Let $\ G\ H\ $ be disjoint open subsets of $\ R^2\ $ such that $\ G\cup H=X\setminus\{c\}.\ $ Consider an open ball

$$ B\ := \mathscr B(c, r)\ \subseteq X\qquad\qquad (\mbox{where}\quad r>0) $$

Then each circle $\ \mathscr C(c, t),\ $ where $\ 0<t<r,\ $ is contained in one of $\ G\ H,\ $ (and is disjoint with the other one).
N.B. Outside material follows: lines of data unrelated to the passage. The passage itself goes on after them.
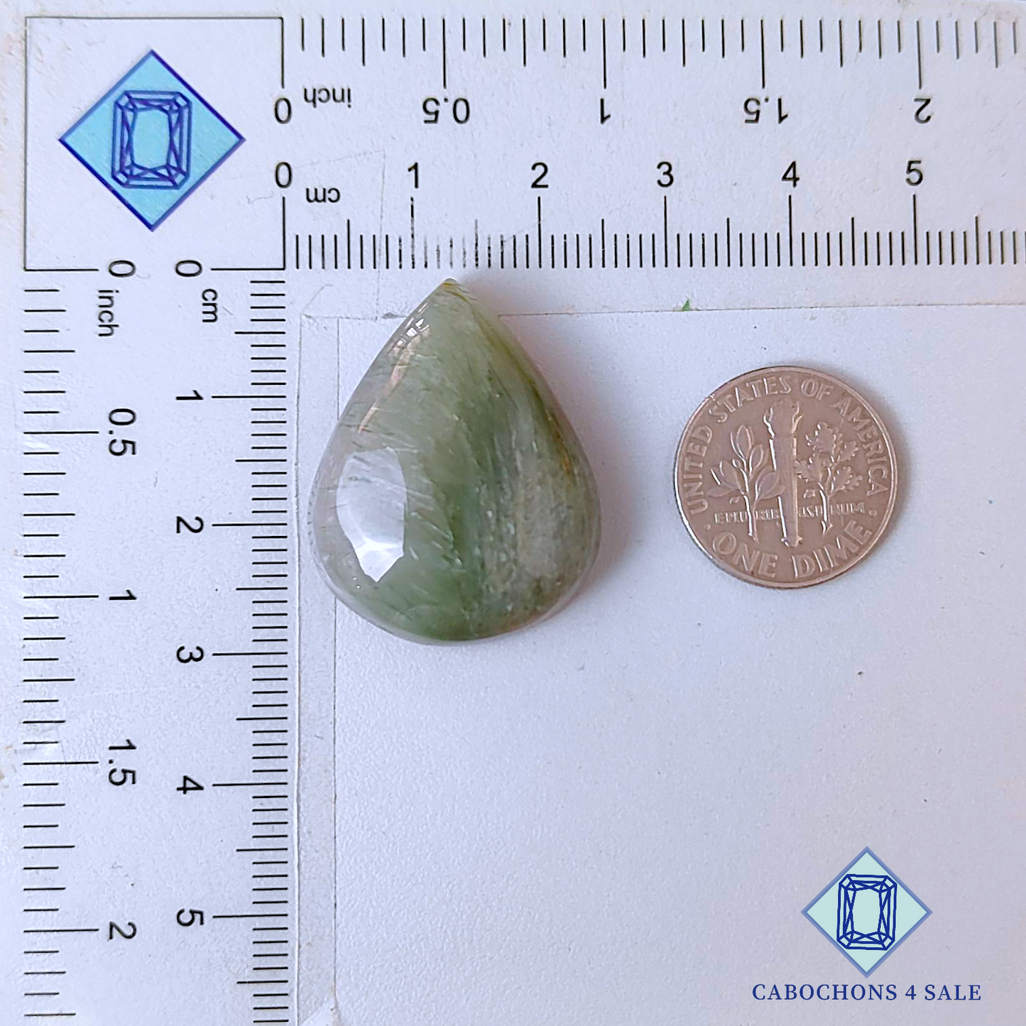 Swipe images to see stone with Dimension chart. This is a Green Rutile Quartz gemstone. The Product is a natural, Pear, Translucent. Green Rutile Quartz gemstone in Green color with the size of 28*22*8mm. Clarity of this Green Rutile Quartz Piece is Translucent. The Product is available exactly same shown in the picture: 1 piece Pear Cabochons Green Rutile Quartz certified for the price listed above.
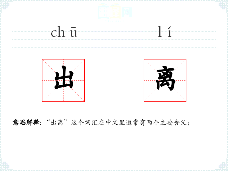 “出离”由“出”和“离”两个字组成,“出”表示向外移动,“离”表示分离。在古代汉语中,“出离”主要用于描述物理上的离开,后来逐渐扩展到心理和精神层面。
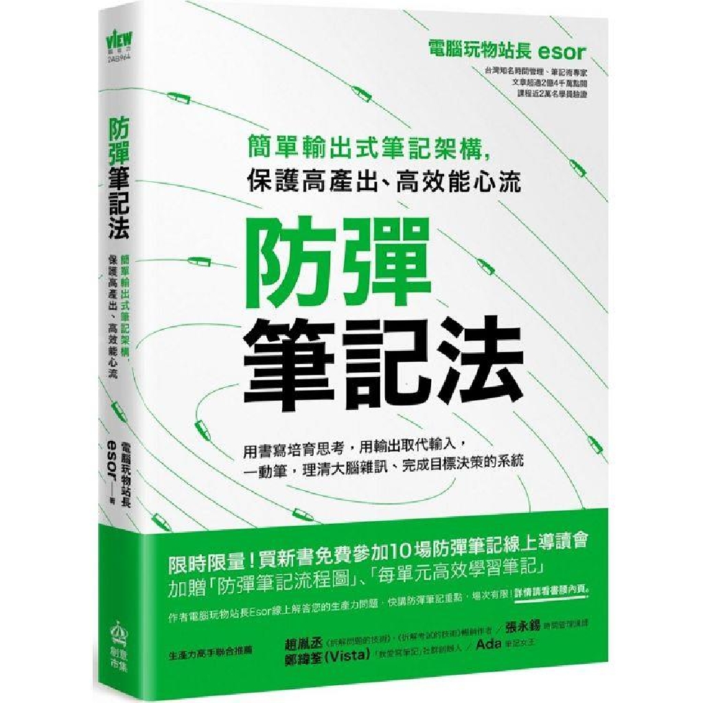 ***搶先購買新書,免費參加10場防彈筆記線上導讀會,讓作者電腦玩物站長Esor在線上解答您的生產力問題、快講防彈筆記重點,"場次有限"!詳情請看書中介紹。
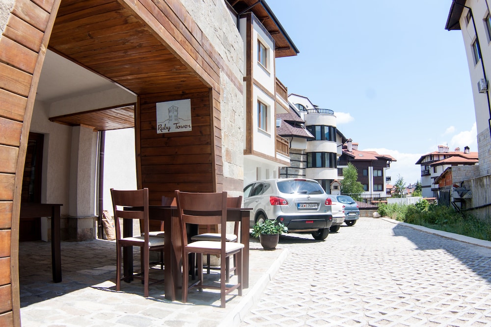 Enjoy the scenic beauty of Bansko from the terrace and garden of Ruby Tower Apartments. Immerse yourself in the tranquil surroundings and let the mountains captivate you.

By Dedekind axiom of real numbers we see that all these circles are contained in the same set $\ G\ $ or $\ H;\ $ say, in $\ G.$

Then $\ G\cup\{c\},\ $ i.e.

$$ G\cup\{c\}\ =\ G\cup B\ \subseteq\ X $$

is open; furthermore

$$ (G\cup\{c\})\ \cup\ H\,\ =\,\ X $$

while

$$ (G\cup\{c\})\ \cap\ H\,\ =\,\ \emptyset $$

This means that $\ X=G\cup\{c\},\ $ i.e. $\ X\setminus\{c\}=G\ $ cannot be decomposed into two non-empty open disjoint subsets $\ G\ H.\ $ This means that $\ X\setminus\{c\}\ $ is connected.

Great!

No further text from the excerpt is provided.